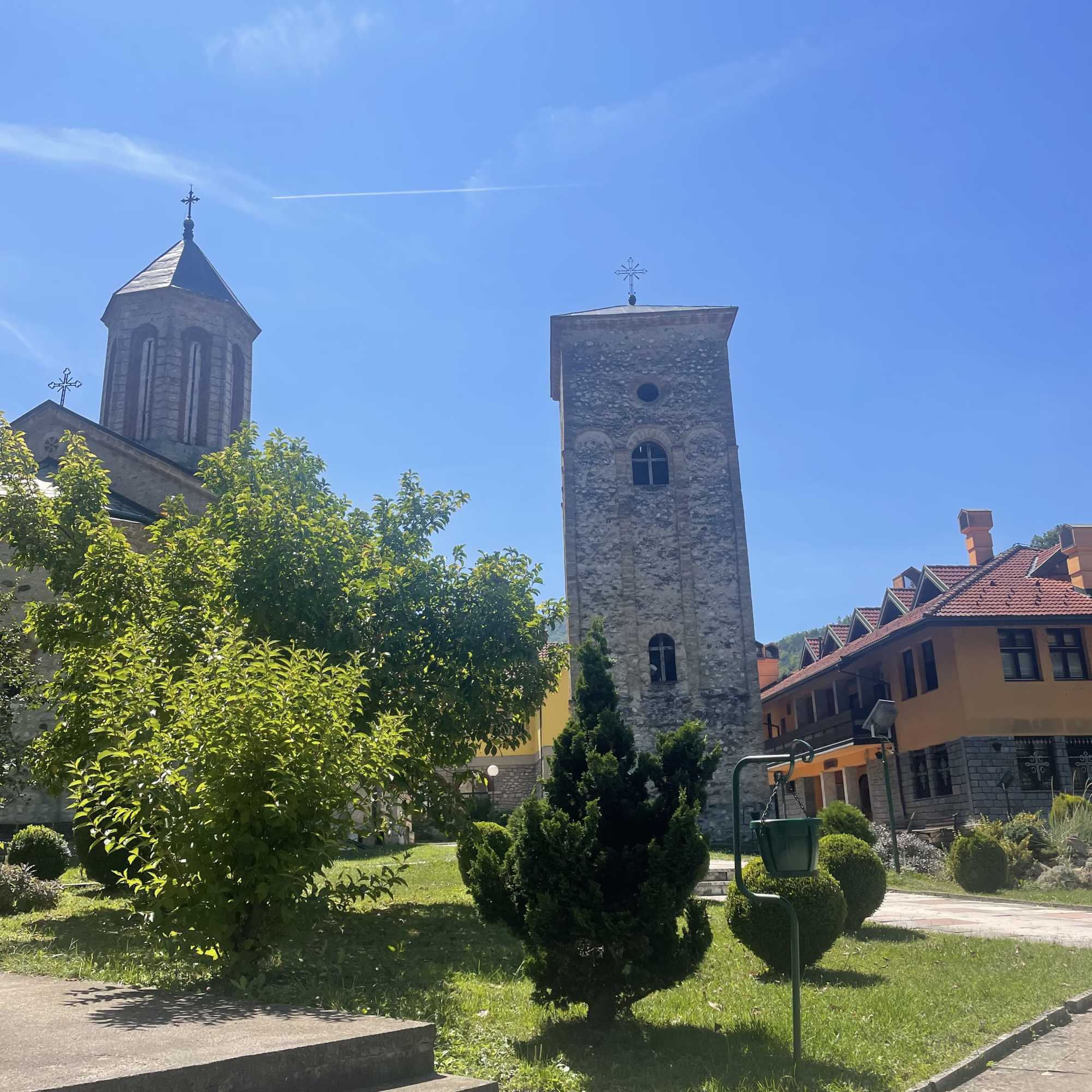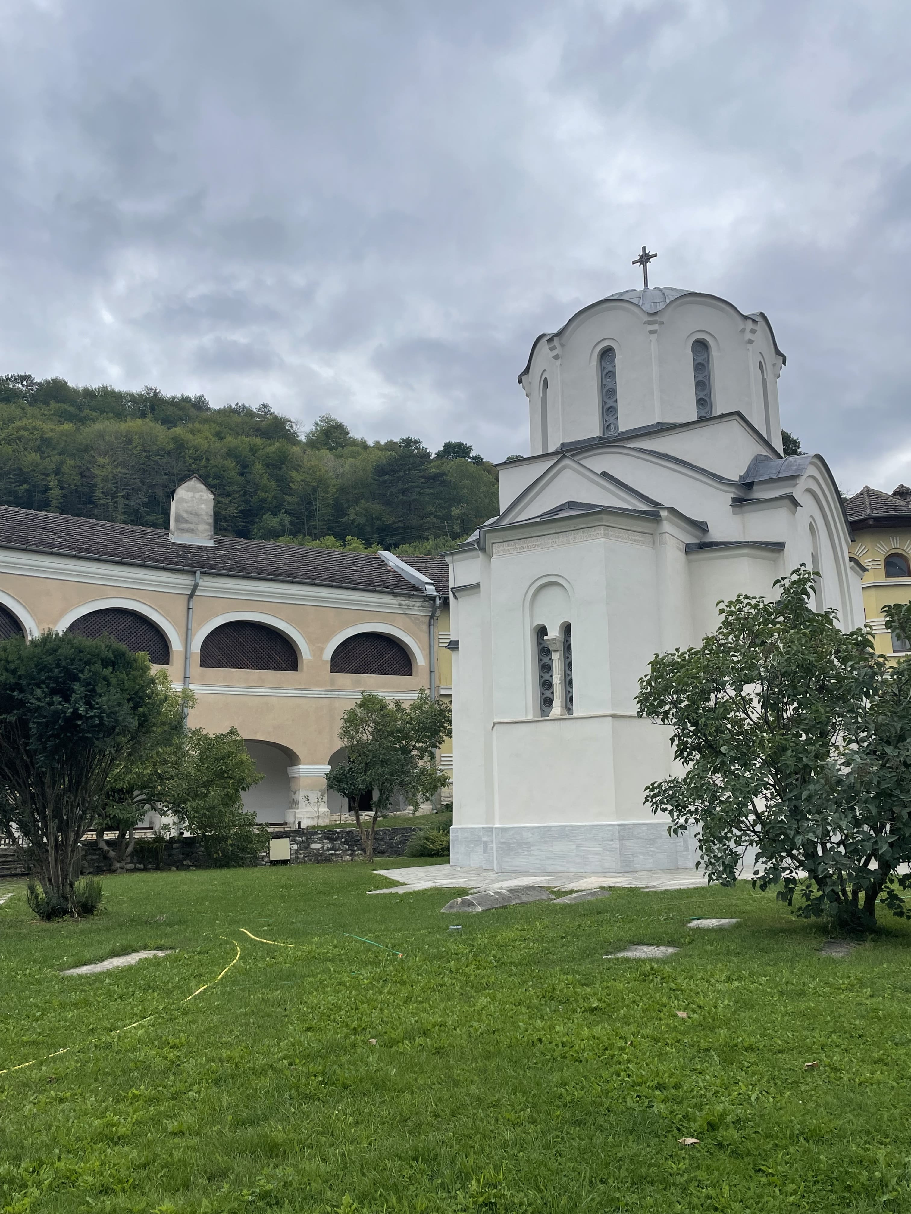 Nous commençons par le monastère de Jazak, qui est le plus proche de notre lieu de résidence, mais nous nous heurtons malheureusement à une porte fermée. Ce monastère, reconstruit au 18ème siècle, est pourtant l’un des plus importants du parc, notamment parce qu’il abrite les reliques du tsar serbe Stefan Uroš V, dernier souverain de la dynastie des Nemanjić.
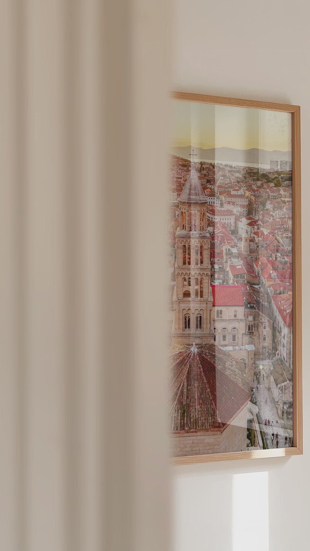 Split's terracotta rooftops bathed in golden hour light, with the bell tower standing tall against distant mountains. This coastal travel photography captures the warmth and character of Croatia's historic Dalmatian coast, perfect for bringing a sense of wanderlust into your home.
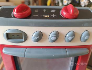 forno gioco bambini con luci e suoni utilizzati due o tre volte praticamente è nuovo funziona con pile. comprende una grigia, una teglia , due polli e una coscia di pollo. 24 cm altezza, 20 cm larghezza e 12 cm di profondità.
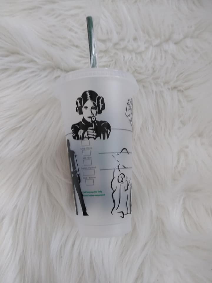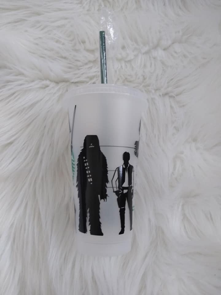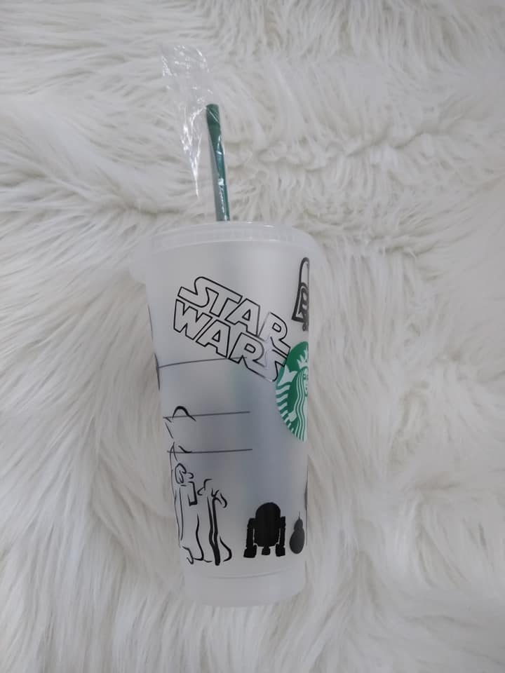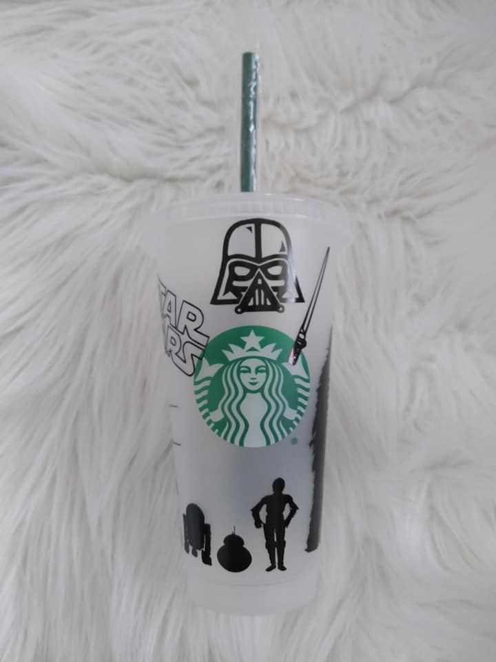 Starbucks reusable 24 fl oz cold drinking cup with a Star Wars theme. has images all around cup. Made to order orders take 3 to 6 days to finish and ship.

> **Task objective**: What is needed is an exact copy of the data, with the pictures removed.

> **Exercise result**:
 Nous commençons par le monastère de Jazak, qui est le plus proche de notre lieu de résidence, mais nous nous heurtons malheureusement à une porte fermée. Ce monastère, reconstruit au 18ème siècle, est pourtant l’un des plus importants du parc, notamment parce qu’il abrite les reliques du tsar serbe Stefan Uroš V, dernier souverain de la dynastie des Nemanjić.
 Split's terracotta rooftops bathed in golden hour light, with the bell tower standing tall against distant mountains. This coastal travel photography captures the warmth and character of Croatia's historic Dalmatian coast, perfect for bringing a sense of wanderlust into your home.
 forno gioco bambini con luci e suoni utilizzati due o tre volte praticamente è nuovo funziona con pile. comprende una grigia, una teglia , due polli e una coscia di pollo. 24 cm altezza, 20 cm larghezza e 12 cm di profondità.
 Starbucks reusable 24 fl oz cold drinking cup with a Star Wars theme. has images all around cup. Made to order orders take 3 to 6 days to finish and ship.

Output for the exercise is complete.